Kitsy Stratton on June 27, 2020 at 10:01 am

You’re amazing. The breadth and depth of your knowledge astounds me. And you give it so freely, without complication.

I’m blessed.

I love you, Howard.

LikeLiked by 1 person
- 5
  
  hoakley on June 27, 2020 at 10:42 am
  
  Thank you, Kitsy.
  Howard.
  
  LikeLike
6

Meighan Maley on June 27, 2020 at 1:10 pm

Since the federal government in the US is currently run by a ship of fools, crooks, and science-deniers, many in the US turn the Johns Hopkins website ( https://coronavirus.jhu.edu/map.html ) for data at a time when even those who run the CDC and the federal emergency management system are in Trump’s pocket. What do you think of the Hopkins analysis? Thank you.

LikeLike
- 7
  
  hoakley on June 27, 2020 at 10:46 pm
  
  Thank you.
  The Johns Hopkins charts are superb – as are several others. But they are based on generally available data, which has to cover a wide range of countries. What I have done here is – for England and New York City – tried to obtain the most accurate data, particularly with respect to the date of diagnosis. That doesn’t work so well for most other locations, but I wanted the detail to analyse. I’ve also spent several days exploring the data and deciding how best to present it. Websites like Johns Hopkins don’t have such a luxury, and aren’t asking such specific questions.
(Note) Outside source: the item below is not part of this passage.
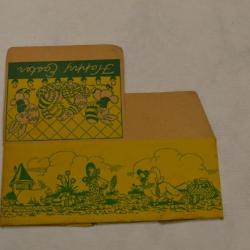 Small, cardboard candy box with yellow and green illustrations along the sides and "Happy Easter" on the top. Illustrations include rabbits, geese, flowers and easter eggs.
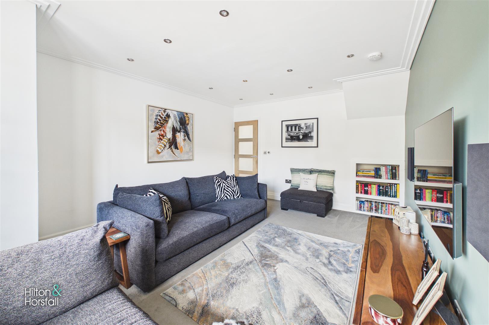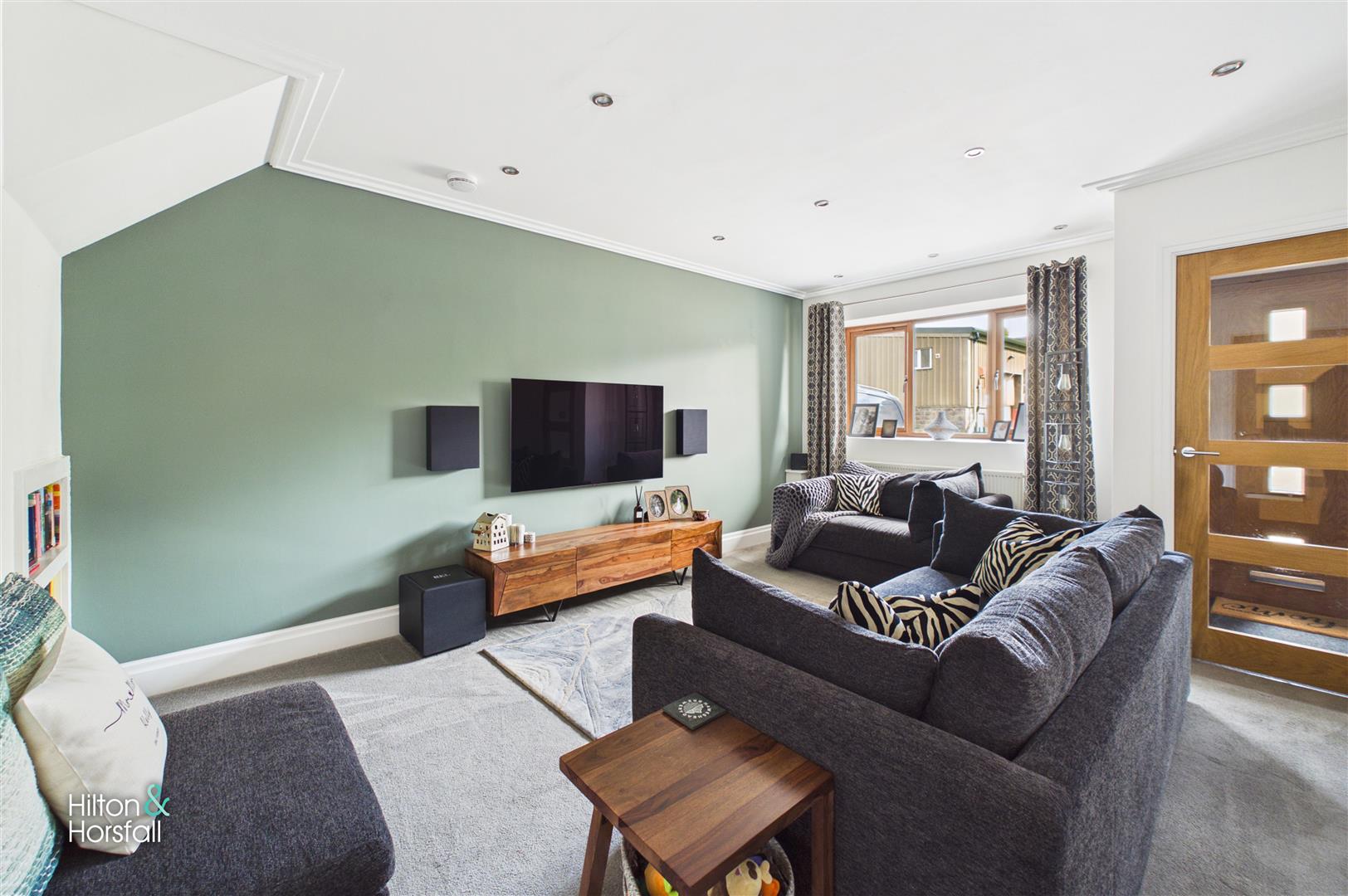 A spacious and beautifully presented living room offering a stylish and comfortable space to relax. The room benefits from a large window allowing plenty of natural light, complemented by modern décor and a feature painted wall creating a contemporary focal point. There is ample space for multiple pieces of furniture, along with recessed ceiling spotlights and built-in shelving, making this a well-designed and inviting family living area.

Interestingly, we both use the same source for Brazil.
  Next week I’m going to look at the residuals in the figures after trend has been removed, to see if there is anything other than noise and the hebdomadal cycle.
  Howard.
  
  LikeLike
  - 8
    
    Meighan Maley on June 27, 2020 at 10:56 pm
    
    I certainly don’t have an understanding of data analysis that approaches yours but it’s a comfort to know that there are people who do while we all wait for a vaccine. Best wishes.
    
    LikeLiked by 1 person
    - 9
      
      hoakley on June 27, 2020 at 10:57 pm
      
      Thank you, Meighan. Stay safe!
      Howard.
      
      LikeLike
10

G.J. Parker on June 28, 2020 at 6:04 pm

I tend to plot number of new cases today as a function of new cases yesterday, typically for the past three weeks. Data is noisy, but simply counting the number of times the points are above or below the y=x line gives you an idea if it’s spreading or not.

Fitting logistic function (or really any curve to raw data) is fraught w/ errors and can be significantly affected by the quality of the data you’re trying to fit.

Not sure I understand your criticism on death rates. Yes, different demographics have different case mortality and so to use it to compare countries w/ different demographics is bad (i.e. Brazil has a much younger population than either England or U.S.), but within a country it is useful.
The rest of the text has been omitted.